Look through the data below for the line with "(現貨,附發票)秋冬款~大童童裝 兒童雙色德絨上衣 兒童長袖上衣" and the line with "T.U.K. Rare Tuk", then transcribe exactly from the first through the second, leaving out all pictures.

**DATASET EXCERPTS**
►
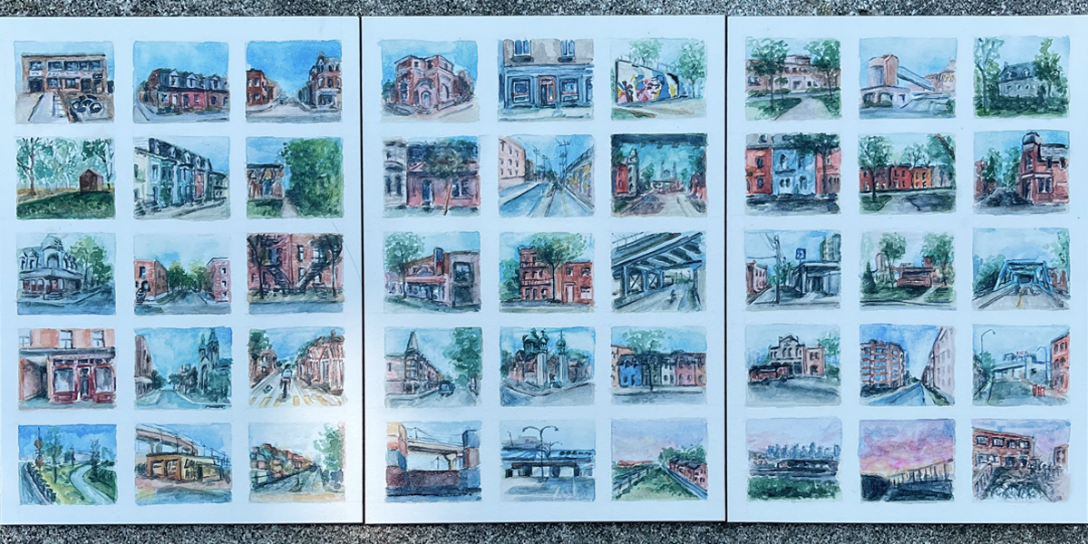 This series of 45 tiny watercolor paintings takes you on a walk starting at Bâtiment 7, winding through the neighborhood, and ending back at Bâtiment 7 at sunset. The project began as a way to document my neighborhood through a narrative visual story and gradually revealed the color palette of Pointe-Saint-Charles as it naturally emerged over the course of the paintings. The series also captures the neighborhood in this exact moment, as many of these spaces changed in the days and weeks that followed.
◄
►
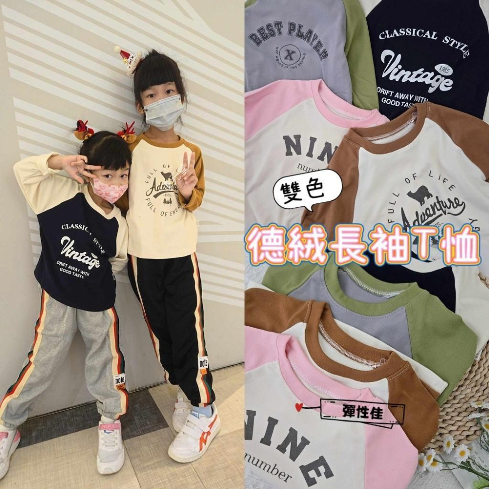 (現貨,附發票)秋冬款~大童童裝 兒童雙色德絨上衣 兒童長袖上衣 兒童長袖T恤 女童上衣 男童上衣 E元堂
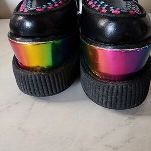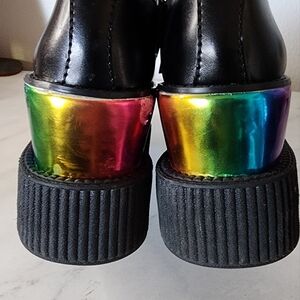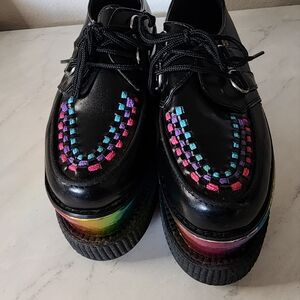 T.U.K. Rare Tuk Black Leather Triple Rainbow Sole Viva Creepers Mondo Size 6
◄
**WRITTEN ANSWER**
 (現貨,附發票)秋冬款~大童童裝 兒童雙色德絨上衣 兒童長袖上衣 兒童長袖T恤 女童上衣 男童上衣 E元堂
 T.U.K. Rare Tuk Black Leather Triple Rainbow Sole Viva Creepers Mondo Size 6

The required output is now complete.